Tipos y función de los glóbulos blancos (GB)

Los glóbulos blancos (WBC, por sus siglas en inglés) son una parte del sistema inmunológico que ayuda a combatir las infecciones y defender el cuerpo contra otros materiales extraños. Los diferentes tipos de glóbulos blancos participan en el reconocimiento de intrusos, matan a las bacterias dañinas y crean anticuerpos para proteger su cuerpo contra la exposición futura a algunas bacterias y virus.

Los tipos 

Hay varios tipos diferentes de glóbulos blancos que incluyen:

  • Neutrófilos  : aproximadamente la mitad de los glóbulos blancos son neutrófilos. Los neutrófilos suelen ser las primeras células del sistema inmunitario que responden en respuesta a un invasor, como una bacteria o un virus. Como primeros respondedores, también envían señales que alertan a otras células del sistema inmunitario para que respondan a la escena. Puede estar familiarizado con la aparición de neutrófilos, ya que son las células primarias presentes en el pus. Una vez liberadas de la médula ósea, estas células viven solo unas ocho horas, pero su cuerpo produce alrededor de 100 mil millones de células al día.
  • Eosinófilos  : los eosinófilos también desempeñan un papel importante en la lucha contra las bacterias y son muy importantes para responder a las infecciones con parásitos (como los gusanos). Sin embargo, tal vez sean más conocidos por su papel en los síntomas de alergia, cuando esencialmente se exageran al montar una respuesta inmunitaria contra algo (como el polen) que, erróneamente, considera un invasor. Estas células representan solo alrededor del 1 por ciento de los glóbulos blancos en el torrente sanguíneo, pero están presentes en altas concentraciones en el tracto digestivo.
  • Basófilos  : los basófilos, que también representan solo alrededor del 1 por ciento de los glóbulos blancos, son importantes para desarrollar una respuesta inmune no específica a los patógenos. Estas células son quizás mejor conocidas por su papel en el asma. Cuando se estimulan estas células liberan histamina entre otras sustancias químicas. Los productos pueden dar lugar a la inflamación y broncoconstricción en las vías respiratorias.
  • Linfocitos  (linfocitos B y linfocitos T): los linfocitos también son muy importantes en el sistema inmunológico, ya que las células T son responsables de matar directamente a muchos invasores extranjeros. Los linfocitos B (células B) , en contraste con los otros tipos de glóbulos blancos, son responsables de la inmunidad humoral (en contraste con la inmunidad no específica de otros glóbulos blancos). Producen los anticuerpos que “recuerdan” una infección y prepárate en caso de que tu cuerpo esté expuesto. Los linfocitos B desempeñan el papel principal en la eficacia de la mayoría de las vacunas actuales, pero en algunos casos (es decir, vacunas contra la tuberculosis y la tos ferina), los linfocitos T también son muy importantes.
  • Monocitos  : los monocitos son los camiones de basura del sistema inmunológico. Alrededor del 5 por ciento de los glóbulos blancos en el torrente sanguíneo son monocitos, pero su función más importante es migrar a los tejidos y limpiar las células muertas (entre otras funciones).

Formación 

Los glóbulos blancos comienzan en la médula ósea en un proceso llamado hematopoyesis . Todas las células sanguíneas, incluidos los glóbulos blancos, los glóbulos rojos y las plaquetas, descienden de una célula madre hematopoyética común o célula madre “pluripotente”. Estas células madre evolucionan (se diferencian) en diferentes etapas. 

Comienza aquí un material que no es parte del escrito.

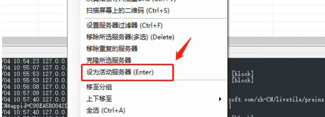 7、在添加后的机器上右键,设为活动的服务器,如图:
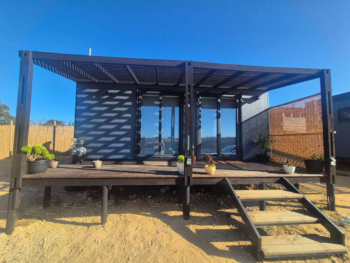 Son dos apartamentos tipo Tiny house de 36 metros cuadrados, con vista al mar. A pocos minutos caminando a la playa. Ideal para parejas y amigos. Cercania con minimarket, restaurantes, cafeterias. Tiene una cama matrimonial mas un sofá cama. Incluye ropa de cama, jabon, papel higenico, estacionamiento para un automovil. La cocina esta equipada con horno, parrilla a carbon, calefacción eléctrica y todo lo necesario para que tu estadía sea inolvidable. ! te esperamos ¡
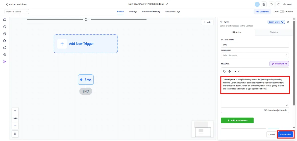 5.Write your engaging message clearly and succinctly, then click Save Action.
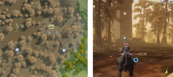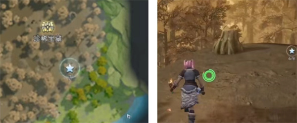 树林中埋着挖宝点,使用铲子挖掘即可获得宝箱

La célula HSC se separa primero en la  línea celular linfoide , a través de una célula madre o progenitora linfoide y en la línea celular mieloide, a través de la célula madre o progenitora mieloide. Las células madre o progenitoras linfoides dan lugar a linfocitos específicamente linfocitos B o “células B” y linfocitos T (células T ). Las células madre o progenitoras mieloides dan lugar a mieloblastos, que se diferencian aún más en macrófagos, monocitos, neutrófilos, basófilos y eosinófilos y en los precursores de glóbulos rojos y plaquetas.

Valores de laboratorio

Un recuento normal de glóbulos blancos suele ser entre 4.000 y 10.000 células / MCL.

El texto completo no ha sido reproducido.